Re: [Rats] use case document updates on Roots of Trust

[Henk Birkholz <henk.birkholz@sit.fraunhofer.de>]

Hi Ira & Ned,
hi all,

TL;DR
While I understand the point of the SAE, there a number of good reasons 
not to mimic their decision here, I think.


while I see, acknowledge, and understand (to some extent) the confusion 
about TA & ROT, reiterating and adding to the confusion is a prominent 
reason why people are actually starting to become reluctant to use these 
terms at all. Down to the notion that "includes a root of trust" 
sometimes is already believed to be just a marketing term.

And that is a big problem with direct impact on security considerations 
and threat models.

At least Trust Anchor is well defined in RFC4949 and is also used in 
TEEP (although "TA" means something else there, but TEEP is dealing with 
that successfully) based on the definition in RFC4949.

Now that TEEP and RATS start to align in some capacity, I would strongly 
recommend to simply stick with the established IETF term Trust Anchor 
from RFC4949 and its corresponding use in I-D.ietf-teep-architecture.

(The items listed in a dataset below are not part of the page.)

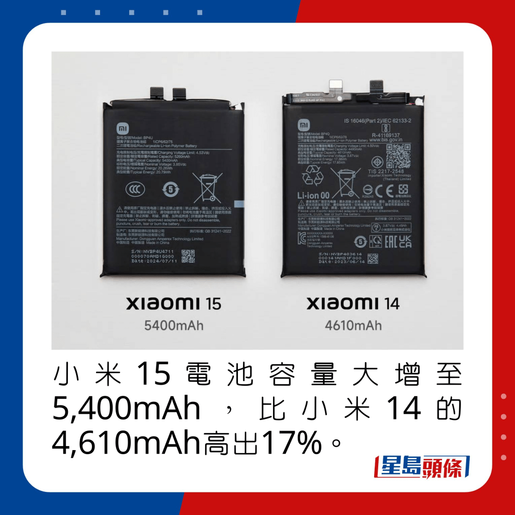 多得Snapdragon 8 Elite的雙超大核及PC級架構,加上加碼至12GB RAM起跳,配合自家HyperCore加持,CPU效率大幅提升,長時間玩大型游戲亦可保持高幀率及低功耗。效能以外,小米15另一重磅升級是金沙江電池能量密度提升至850Wh/L,令電池容量由小米14的4,610mAh大增至5,400mAh,加上HyperOS 2優化,續航力較上代提升23%,且支援90W有線及50W無線快充。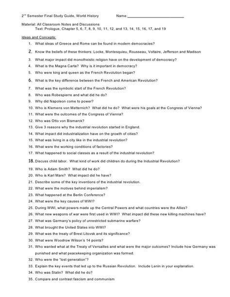 Download world history second semester study guide PDF
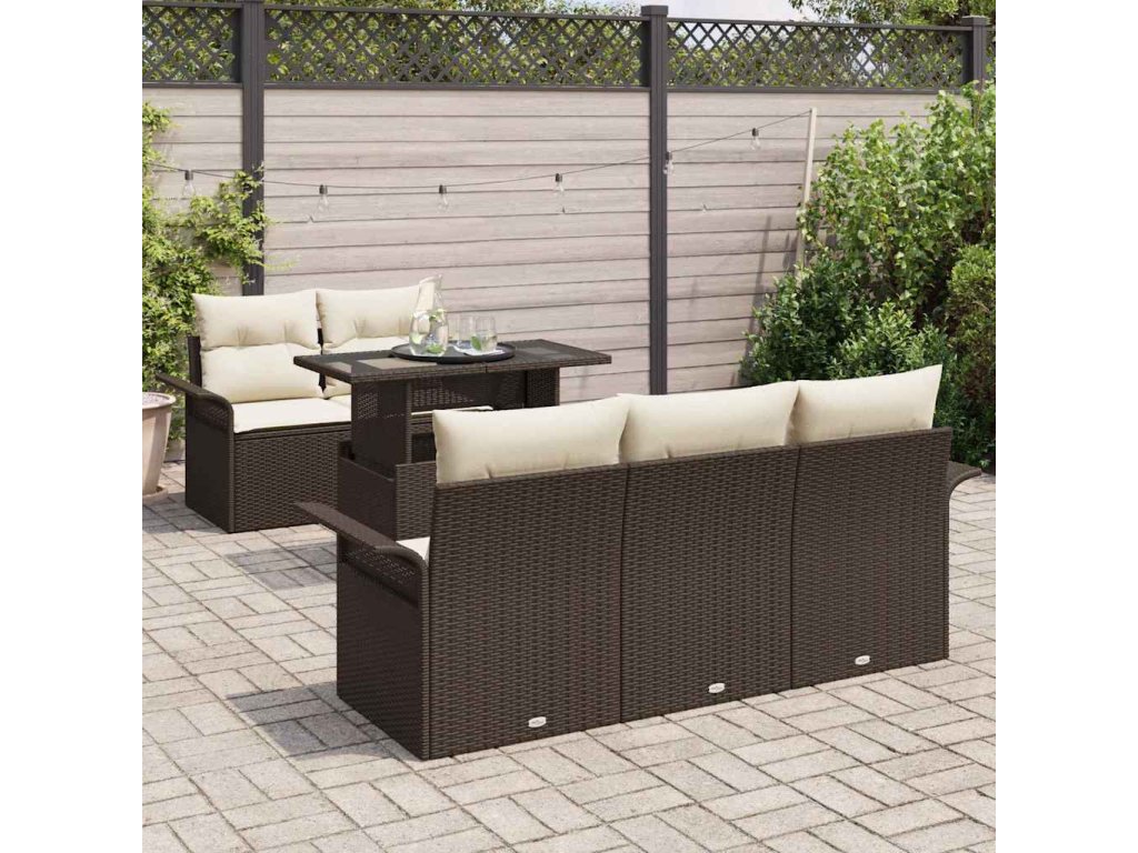 Sada zahradních pohovek s polštářem 6 pcs Hnědá polyratan [3348194]

Which leaves us with "the other confusing term" that Ned once called 
"the-entity-whose-misbehavior-cannot-be-detected".  The important point 
here is that the output of an Attester in the form of Claims that 
compose Evidence can only go so far while staying believable.  At some 
point you hit rock bottom and you cannot create believable evidence 
anymore, because there are no more turtles that go all the way down.  At 
that point an Attester cannot create believable evidence about its most 
fundamental system components and requires an external Endorsement that 
speaks on behalf of these system components.

And that is the point where Roots of Trust come into play. If you do not 
have them - that is absolutely compliant with RATS. But I'd also like to 
quote Kathleen here:

> Why would I want a device with no root of trust?  Plausible deniability perhaps? Lower cost?
> Why would I want to sell such a device?  I probably wouldn't and this could spur on higher level of assurance and remake of devices without this capability depending on the target market for a device.

And now - comes the the really tricky part: these Endorsements that come 
alongside with Roots of Trusts - those typically have Trust Anchors.

And I think that is one of the major sources of confusion (but maybe it 
is not, due to the fact that I am under the personal believe not to be 
confused here...).

On the one hand, it is okay to not have or use a Root of Trust in any 
way and not to bother with them at all in a solution I-D.

On the other hand, not using an endorsed root of trust always has a 
significant impact on the "level of assurance" (which is called "level 
of confidence" in the architecture at the moment, but that is not 
important now) and thereby on the confidence in the veracity of Claims 
in Evidence.

In summary, there are fundamental factors to take into account, if you 
want to decide whether to talk about the use a RoTs - or not, including:

* market impact,
* effective assurance of protection levels, and
* the inevitable fact that at some point an Attester hits a demarcation 
line beyond which it cannot attest to one of its system components 
anymore - and starts to depend on external endorsements about these 
system components.


Viele Grüße,

Henk

p.s. I really, really hope that I did not add to the confusion!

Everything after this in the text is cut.